Akatsuki Venus Climate Orbiter Options

[cndwrld]

I have this nagging thought. In fact, I have had it for long time by now.

If Akatsuki was able to enter a kind of orbit around Venus with its smaller
engines, then why did they bother with the larger engine that failed?

They could have designed a craft with a few more of these smaller engines and
made Akatsuki go around in a proper circle? Tha wouod have been a lot cheaper?

P

Hello-

You can get into orbit with big engines or with small engines. But if you
plan to use a big engine, and then only have small engines, things
get difficult.

Look at the Dawn mission at Ceres. They have an ion engine, which has very
small thrust. But the engine is designed to operate for a very long time.
This was in the design, and the approach to Ceres was designed for the
amount of thrust available.

The main Akatsuki engine seems to have burned for about 3 minutes out of
the planned 12 minutes. So the spacecraft did slow down significantly, but
not nearly enough. So it went past Venus pretty fast. Later, some burns
were performed, but I assume that the spacecraft was still moving fast
when it returned to Venus.

All they had available were the attitude thrusters. I do not now know anything
about the Akatsuki attitude thrusters, but in general they are quite small
compared to a main engine, say 1 to 5% as big. And they are not designed to
fire continuously for long periods of time. Attitude thrusters are designed
to give very short bursts that are very accurate. Akatsuki now had to use
thrusters designed for short bursts, for a very long continuous burn. I
suspect that the thrusters were never designed, let alone even tested, for
such a long continuous burn. If I had been the propulsion engineer on
Akatsuki, I would have been very afraid of a failure of one or more of
the thrusters.

So, the answer to your question is: you can use small engines or big engines.
But if your mission is designed for one or the other, it is very very
difficult to change the mission design because your hardware may not work.

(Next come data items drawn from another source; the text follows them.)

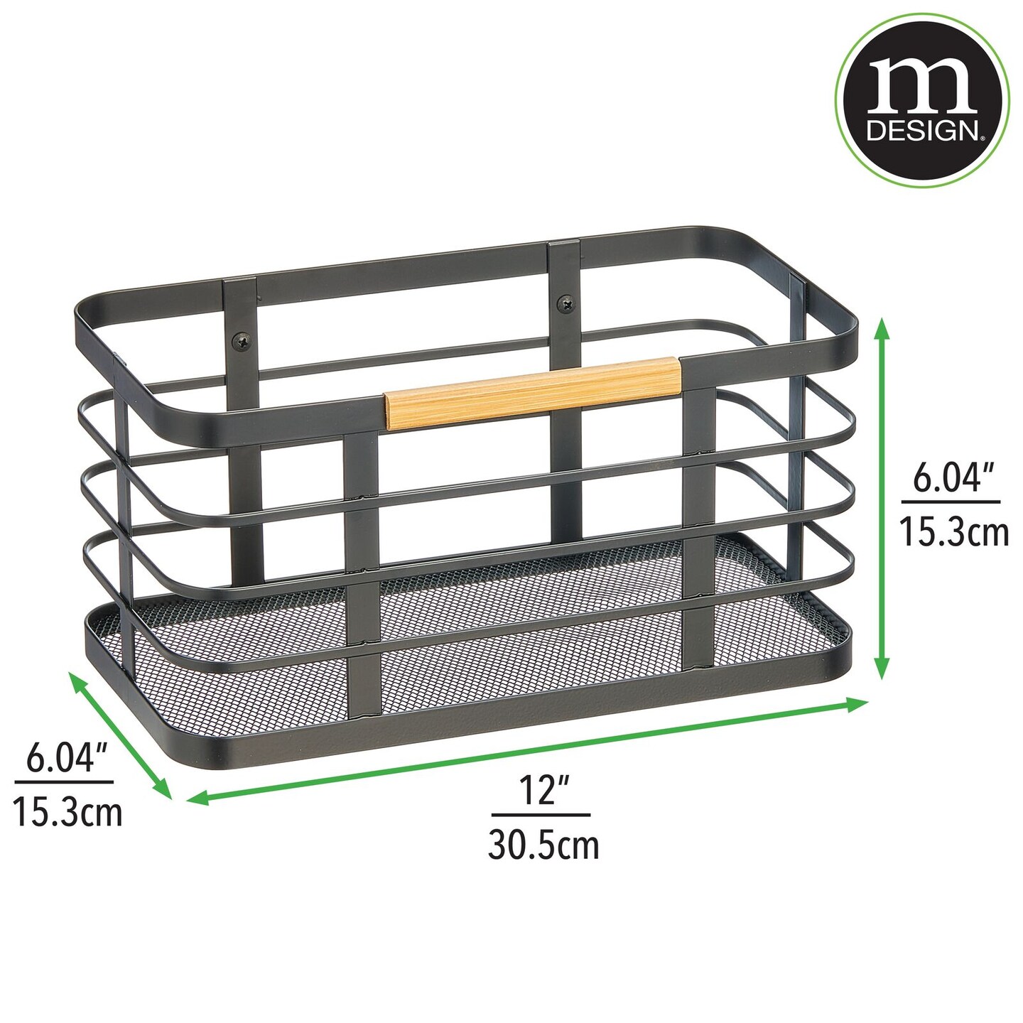 mDesign Metal Wire Wall Mount Kitchen Storage Bin Basket, Matte Black/Natural
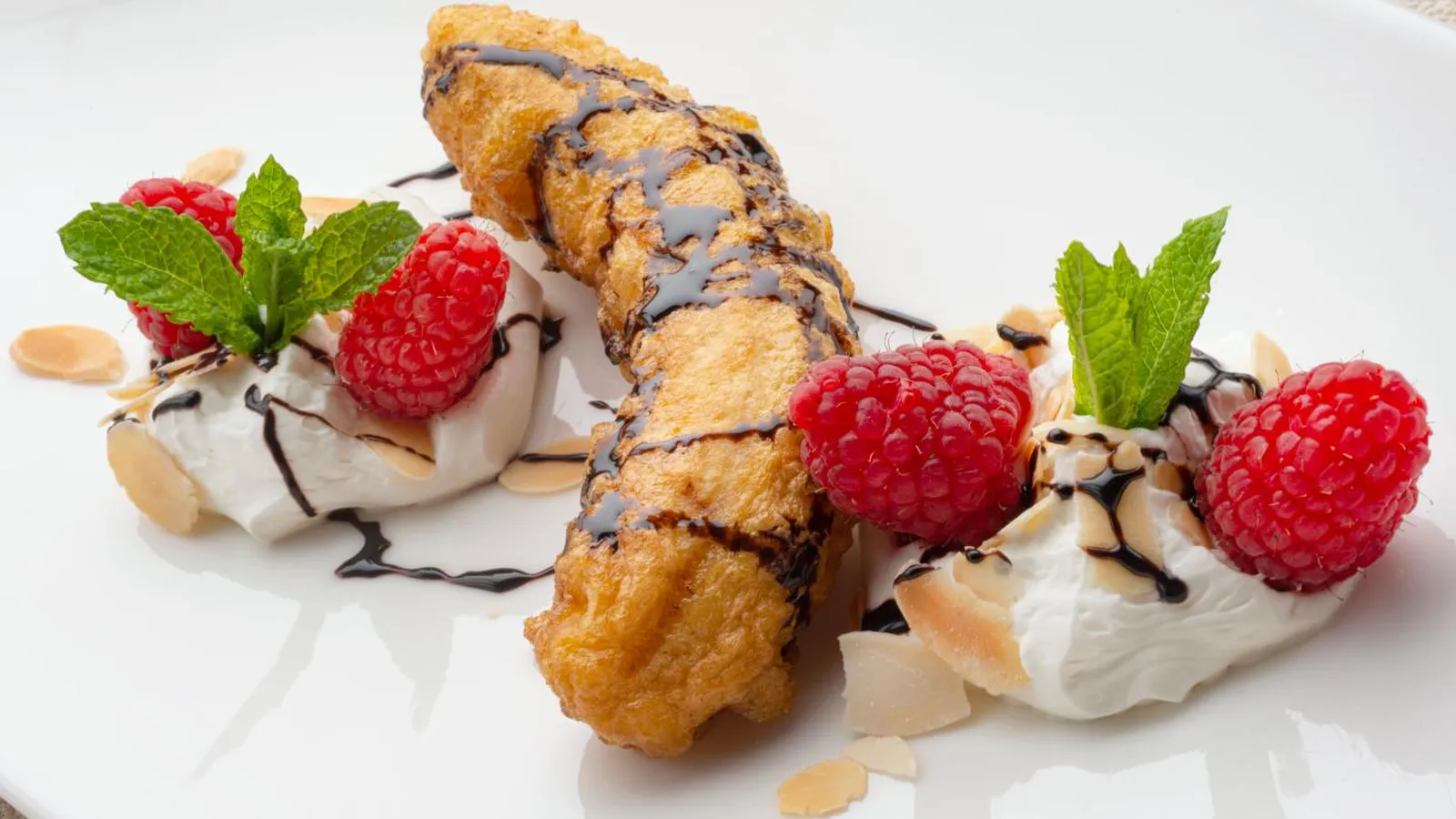 La elaboración no tiene complicación: plátanos rebozados en harina y huevo, fritos en aceite aromatizado con cáscara de naranja. Para acompañar, nata montada, frambuesas, sirope de chocolate y almendras laminadas.
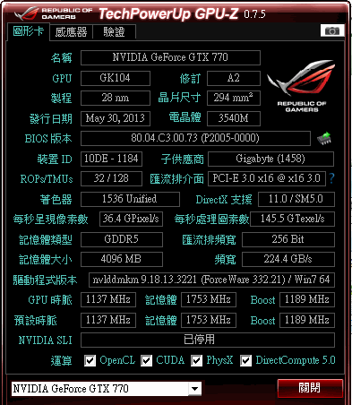 如題, 請教01的神人們, 有人遇過這情形嗎?我的顯卡是技嘉GTX770, 主板是ASUS H87 Pro安裝完Driver後, 打開GPU-Z來看, 顯卡只能跑x4這是GPU-Z的問題, 還是顯卡或主板其中之一有問題?我有試過換上之前用的HD6950後, GPU-Z是顯示正常的2.0 x16@x16 2.0換顯卡就是為了玩AC4, 要真的有問題而沒去換, 那就失去一換卡意義了麻煩大家幫幫我啊 謝謝

I hope this may have been helpful. Sorry if it is not.

[pandaneko]

Page-5

Main events up to now
(right hand side strings, top to bottom)

・ Akatsuki was launched on 21 May 2010.

・ Insertion into Venus circular orbit was attempted on 7 December 2010. However, due to main engine failure firing was stopped
after 2 minutes and 38 seconds (planned firing was for 12 minutes) and Akatsuki is currentlyflying in an orbit around the sun.

・ With a view to the reunion with Venus in winter of 2015 three orbit corrections were made during November 2011. (DV1, DV2, DV3)

・ Further orbit corrections were made during July 2015. (DV4-1, DV4-2, DV4-3)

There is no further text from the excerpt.